La croissance sauvera-t-elle la planète?

En 1901, Henri Dunant reçut le premier prix Nobel de la paix pour la création du Comité international de la Croix-Rouge et l'adoption de la Convention de Genève. Pourtant, ce pionnier suisse du droit humanitaire se heurta à une vive opposition du mouvement pacifiste. Les membres de celui-ci estimaient en effet que la création d'une organisation destinée à offrir aide et secours aux blessés sur le champ de bataille revenait à reconnaître et à accepter le principe même de la guerre. Le débat sous-jacent opposait ici pragmatisme – les guerres existent et existeront très probablement toujours, alors travaillons à en atténuer les conséquences – et utopie – la guerre est mauvaise, alors empêchons qu'elle ne se reproduise.

 

Les écologistes sont-ils les nouveaux pacifistes ?

Les pacifistes ont toujours voulu se débarrasser de la guerre. De la même manière, les écologistes cherchent à éliminer la croissance, prônant le déclin économique comme seule manière pour notre civilisation de vivre en harmonie avec l'environnement. Sommes-nous face à une nouvelle utopie ? Croyez-moi, je suis bien conscient du mal que la croissance illimitée – comme nous l'avons connue au siècle dernier – a fait à notre planète. Mais je pense qu'on ne peut arrêter la croissance, pas plus qu'on ne peut éviter les guerres. Pourquoi ? Parce que – et ici je parle davantage en qualité de psychiatre que d'explorateur – c'est dans la nature humaine de vouloir toujours plus et toujours mieux. La promotion de restrictions en matière de mobilité, de confort et de liberté suscite plus de résistance que d'adhésion à la cause environnementale.

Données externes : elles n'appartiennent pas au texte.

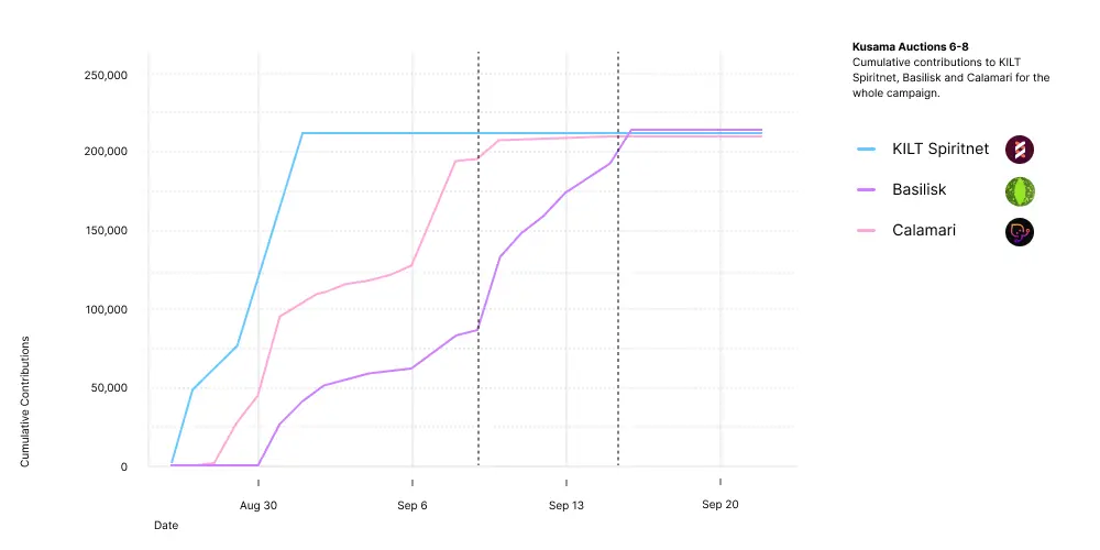 Similarly to the first batch of auctions, we observed three teams taking the lead early on. Those three managed to win auction 6-8 without much interference from each other. That is, at no point during the auctions did the winning bid flip between teams. KILT Spiritnet, the winner of the first auction of this batch (auction 6), reached their cap of 220,000 KSM shortly after the beginning and well before the ending period started. While the contribution levels of the two other teams came close to each other, at no point did the winning bid change during the respective auctions. Auction 7 was won by Calamari Network with a total of 218,247 locked KSM, and auction 8 was won by Basilisk after hitting their cap with a total of 222,222 KSM.

Dire que nous devons arrêter le développement et le progrès revient à nier l'essence même de l'homme. C'est un vœu pieux, tout comme la fin de la guerre pour les pacifistes. Je pense qu'il faut plus que cela pour lutter contre le changement climatique.

Ce dont nous avons besoin aujourd'hui, c'est de pragmatisme. Je m'inspire depuis longtemps de la vision pragmatique d'Henri Dunant et je crois qu'une telle approche peut être transposée à la crise climatique. Si la croissance telle que nous la connaissons aujourd'hui menace nos chances mêmes de vivre en bonne santé sur cette planète, qu'est-il encore possible de faire ? Nous devons trouver une nouvelle voie pour développer nos économies tout en préservant la nature. Vous pensez que c'est impossible ? Détrompez-vous !

 

La troisième voie

Entre croissance autodestructrice et retour au Moyen  ge, une troisième voie existe : une croissance économique propre, qui nous apporterait la prospérité, mais de manière durable. Ce nouveau type de développement économique est basé sur une croissance qualitative plutôt que quantitative. Au lieu de juger notre bien-être en fonction de la quantité croissante de biens et de services que nous consommons, nous pouvons tirer profit de l'immense opportunité de remplacer les vieux systèmes et équipements inefficients et polluants par des systèmes et équipements efficients et propres. La croissance qualitative, c'est produire mieux plutôt que consommer plus. Cet état d'esprit créera non seulement des millions d'emplois, d'opportunités et de marchés, mais aussi beaucoup plus de richesses ! Imaginez les bénéfices que rapporteront à tout le monde le développement de la mobilité électrique, l'isolation de tous les bâtiments pour les rendre neutres en carbone, le remplacement des systèmes d'éclairage, de chauffage et de refroidissement obsolètes par des LED et des pompes à chaleur, l'introduction de procédés industriels plus efficients, la construction de réseaux intelligents permettant aux pays de réduire de moitié leurs besoins énergétiques et le passage aux énergies renouvelables, désormais moins chères que les combustibles fossiles. La technologie offre aujourd'hui plus de solutions pour l'environnement que les restrictions et les sacrifices imposés aux populations. Et c'est également vrai pour les pays les plus pauvres qui cherchent désespérément à atteindre notre niveau de vie. Pour dire les choses très simplement : une croissance propre vaut bien mieux que le statu quo polluant. Elle est non seulement possible et nécessaire, mais elle représente aussi la plus grande opportunité économique depuis la révolution industrielle. C'est un langage qui sera compris par le monde de la politique et de la finance, et qui servira aussi le noble objectif des environnementalistes, si seulement nous étions tous logiques autant qu'écologiques…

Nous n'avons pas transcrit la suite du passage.